Mittwoch, 20. Juli 2011

Converse - Mitarbeiter werden misshandelt und ausgebeutet!

ConverseJeans
Trendige und angesagte Schuhe - Doch dafür müssen täglich viele Arbeiter leiden
Bildquelle: By Jorge Barrios (Own work) [Public domain], via Wikimedia Commons

Wer hätte schon gedacht, dass Basketballschuhe einen so großen internationalen Erfolg erzielen? Das Unternehmen Converse, seit 2003 zu Nike gehörend, konnte bis heute welweit über 600 Millionen dieser Schuhe verkaufen. "Chucks" werden die Schuhe umgangssprachlich genannt und sind für verschiedene Gruppierungen und Personen ein Identifikationsmittel.

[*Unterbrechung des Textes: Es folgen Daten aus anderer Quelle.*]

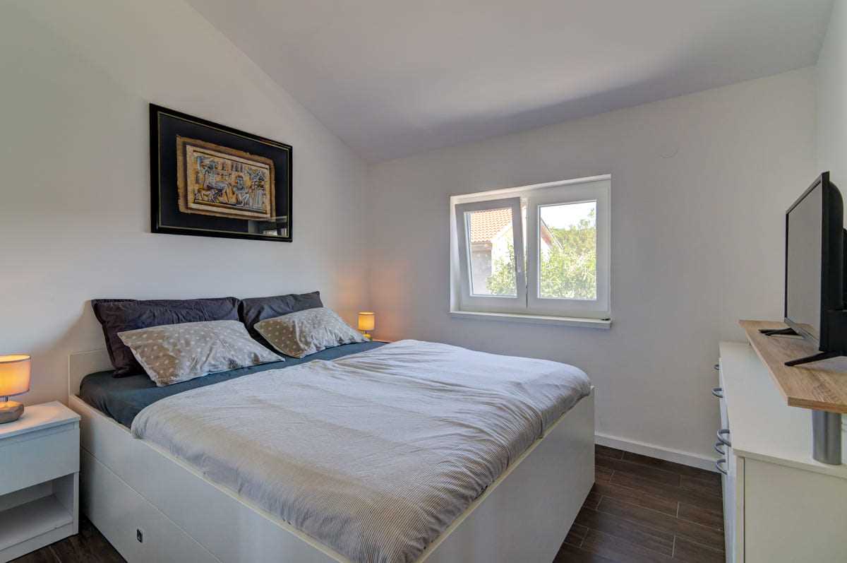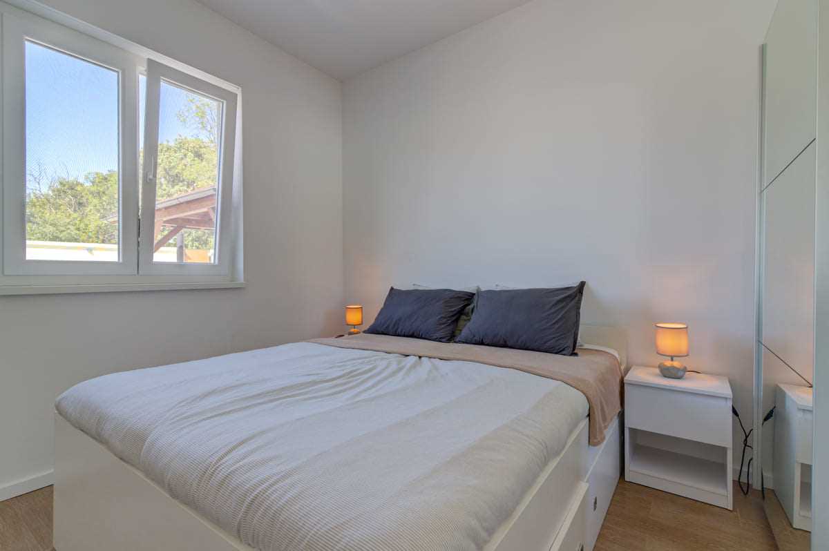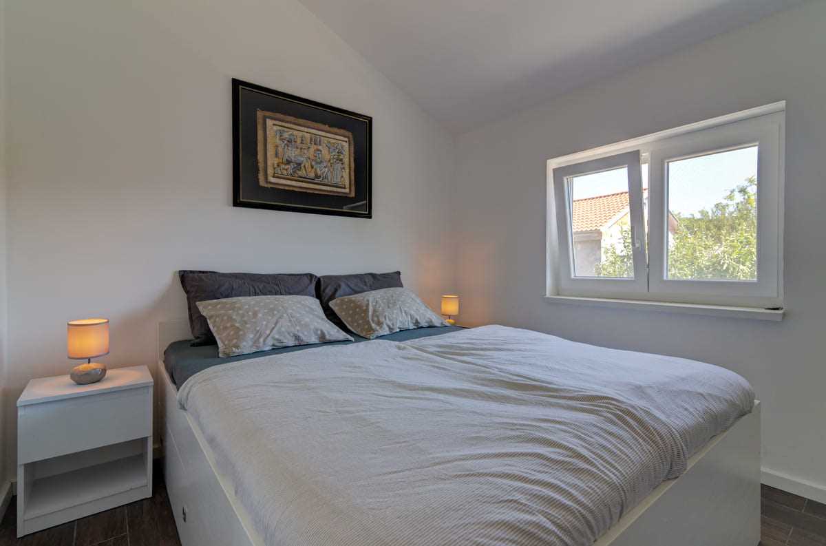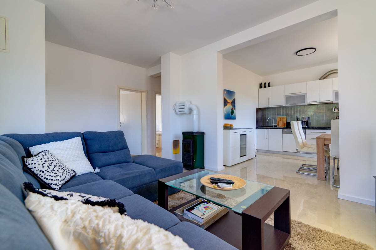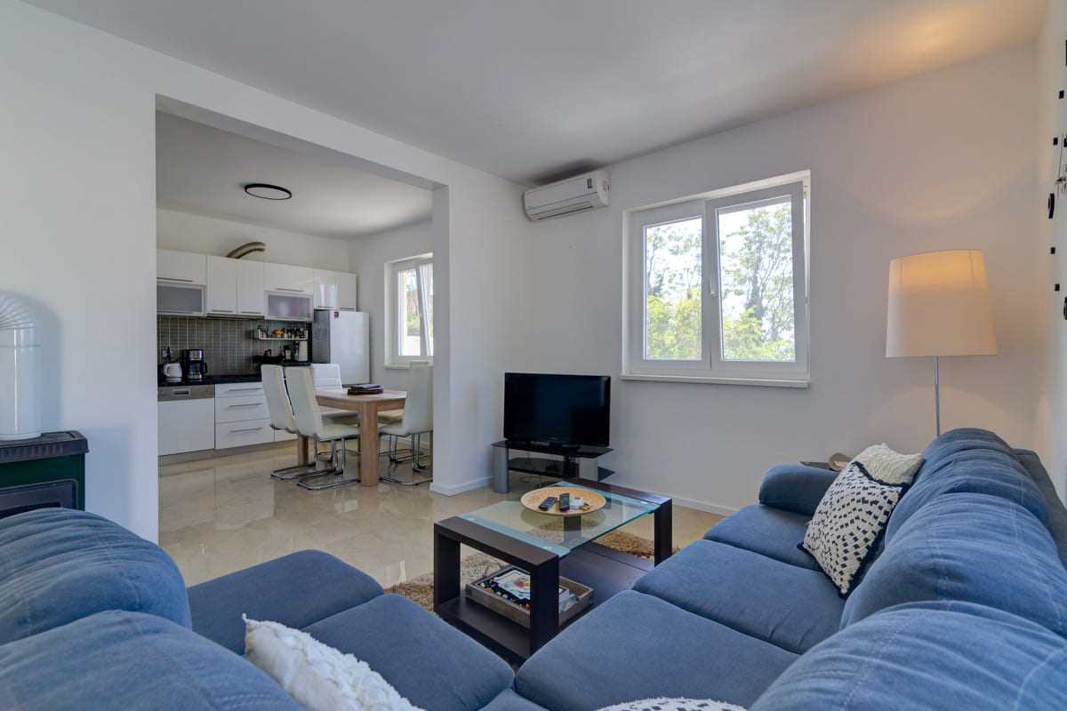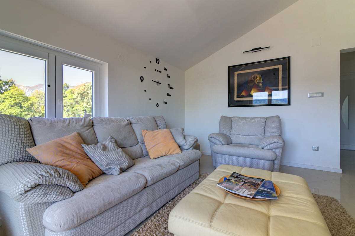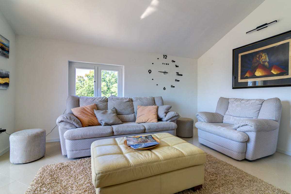With an elegant saltwater pool and a quiet location close to Crikvenica town center, this beautiful holiday home offers everything you could wish for a relaxing holiday. When you enter the property, you will be enchanted by the harmonious combination of indoor and outdoor areas. The ground floor and first floor, together with the magnificent outdoor area, offer maximum enjoyment for families with children or friends longing for relaxation. The property is generously laid out and consists of a ground floor and a first floor, each with two bedrooms, a bathroom, a stylish living room and a state-of-the-art kitchen. The tasteful furnishings and carefully selected details give the house an inviting atmosphere that invites you to linger. The villa can accommodate up to 10 people, with 8 people being the optimal occupancy. Access from the ground floor to the first floor is via a picturesque external staircase. A covered terrace with a barbecue invites you to spend sociable evenings, while the well-kept garden and the spacious 32 m2 pool represent an oasis of relaxation. Parking spaces in the yard ensure convenient storage of vehicles. Located in a quiet and idyllic area, the villa is not suitable for parties and youth groups are not allowed. This guarantees guests an undisturbed and relaxing break in this dreamlike environment. This villa is undoubtedly a place where unforgettable memories are created. Discover the beauty and comfort of this property and let yourself be enchanted by its unique atmosphere.

Bereits in der Vergangenheit ist der Kleidungshersteller Nike mehrfach in die Kritik geraten, da bei seinen Zulieferern Fälle von Ausbeutung und Kinderarbeit bekannt geworden sind. Jegliche Schuld wies der Konzern damals von sich und versprach bereits 2001 strengere Kontrollen und eine genauere Auswahl der Zulieferer, was so aber nie ernsthaft umgesetzt wurde. CorpWatch beschuldigt Nike, dass der selbstverpflichtende Code of Conduct und die eigenen sozialen Projekte scheinheilig sind und nur zur Imageverbesserung dienen.
Jetzt sind weitere Misshandlungen in den Produktionsstätten von Converse aufgedeckt worden. Mitarbeiter in den indonesischen Fabriken berichten von Schlägen ins Gesicht und Schuhwürfen ihrer Vorgesetzten. Außerdem wurden die Arbeiter als Hunde und Schweine beschimpft, was besonders in einem muslimisch geprägtem Land als schwere Beleidigung gewertet wird.
Nike bestätigte die Vorwürfe und wies darauf hin, dass der Konzern selber wenig dagegen tun kann. Des Weiteren räumte das Unternehmen ein, dass die Fabriken nie ernsthaft inspiziert wurden und somit auch seit mehreren Jahren nicht die Einhaltung des Verhaltenskodex gewährleistet werden konnte.
Diese Umstände sind in der Textilindustrie kein Einzelfall. Die Mitarbeiter sind dennoch weiterhin gezwungen sich diesen Umständen anzupassen, weil jegliche Kritik den Job kosten kann. Eine Mitarbeiterin sagte gegenüber dem Nachrichtendienst AP aus: "Unsere einzige Wahl ist: Bleiben und leiden oder etwas sagen und gefeuert werden." Schätzungsweise 10.000 Arbeiter, davon fast ausschließlich Frauen, sind in den Produktionsstätten beschäftigt und erhalten lediglich einen halben Dollar (36 Cent!) pro Stunde. Verschiedene Angestellte berichten außerdem, dass sie geschlagen und bis zum Bluten gekratzt wurden.
Bislang hat Nike noch keine ernsthaften Maßnahmen unternommen, um in Zukunft solche Vorfälle zu verhindern und eine gerechte Entlohnung und Behandlung der Arbeiter sicherstellen zu können.

Wer solche Zustände nicht tolerieren möchte, muss in Zukunft auf Nike und somit auch auf Converse Produkte verzichten. Mit solchen unmenschlichen Machenschaften darf ein Konzern kein Geld verdienen!

- Nachtrag, 21.07.11 -
Es gibt eine fair gehandelte und ökologische Alternative zu den Converse Schuhen. Das Unternehmen "Ethletics" produziert diese Schuhe unter fairen Arbeitsbedingungen in Pakistan und verwendet ausschließlich Bio-Baumwolle und FSC zertifizierten Naturkautschuk für die Sohlen. Rund 50-60 Euro kostet ein Paar und ist unter fairdealtrading.de zu bekommen.

1 Kommentare:

Anonym hat gesagt…

Sehr guter Artikel !!!
Ich habe kürzlich ein Buch (made in Vietnam) über die Ausbeutung der Aebeiterinnen gelesen, EINFACH SCHRECKLICH aber ich kann das Buch nur weiter empfehlen !!